The US Army has completed extreme cold weather testing of its Next-Generation Squad Weapon (NGSW) ahead of its much-awaited fielding to the 101st Airborne Division later this year.

Soldiers based in Alaska fired the XM7 rifles and XM250 automatic rifles in various mission-oriented tasks, with temperatures dipping to -35 degrees Fahrenheit (-37 degrees Celsius).

The test aimed to evaluate the ability of the NGSW to support Arctic operations.

According to Soldier Lethality Cross-Functional Team (SL CFT) member Maj. Brandon Davis, weather testing provides developers with necessary insights into how atmospheric conditions affect weapon performance.
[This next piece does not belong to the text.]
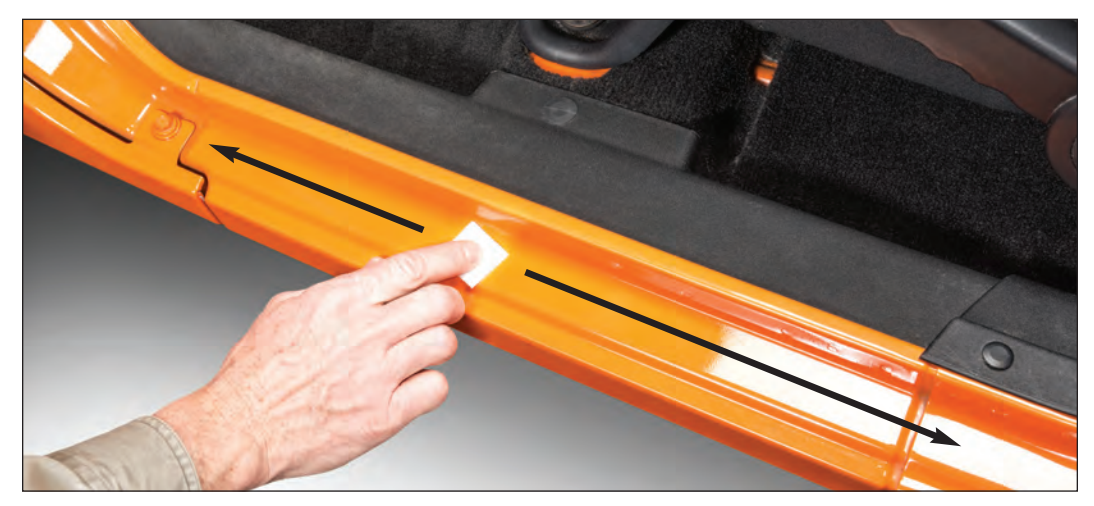
Step 1: Clean threshold contact area with an alcohol prep pad. Remove one alcohol prep pad from its packet and wipe the entire contact area with the

Note that each entry guard is mold marked on the back side with its proper location.

“Extreme cold can affect the weapon’s functionality, of course, but it also hinders a soldier’s movement and mobility,” he said.

“So which sling does he prefer in these conditions? Can he or she effectively manipulate the widgets on the weapon wearing gloves? We’re getting after every aspect of how the NGSW impacts lethality and mobility under extreme conditions.”

Results of the Arctic test will be made available to Army senior leaders soon.

Keeping Soldiers Engaged

SL CFT director Brig. Gen. Monté Rone said the process of developing and fielding transformational capabilities is no longer linear.

Before, soldiers were reportedly provided with weapons the service thought they needed but not necessarily wanted.

“We do things differently now, keeping soldiers engaged in every step of the process in a variety of soldier touchpoints,” he explained. “So we will give them the weapons they need to be more lethal and more survivable on the battlefield.”

Prior to the test at the Cold Regions Test Center in Fort Greely, Alaska, a platoon within the 101st Airborne Division completed a limited user test of the weapon to assess its capabilities and limitations.

The US Army plans to test the NGSW in extreme heat and humidity later this year.

About the NGSW

The US Army’s NGSW program aims to find the best solution to range, accuracy, and lethality challenges of small arms for close combat forces.

Sig Sauer won the competition with its XM5 and XM250 proposals.

More than 18,000 NGSWs are expected to be procured by the army within 10 years under $331 million in funding.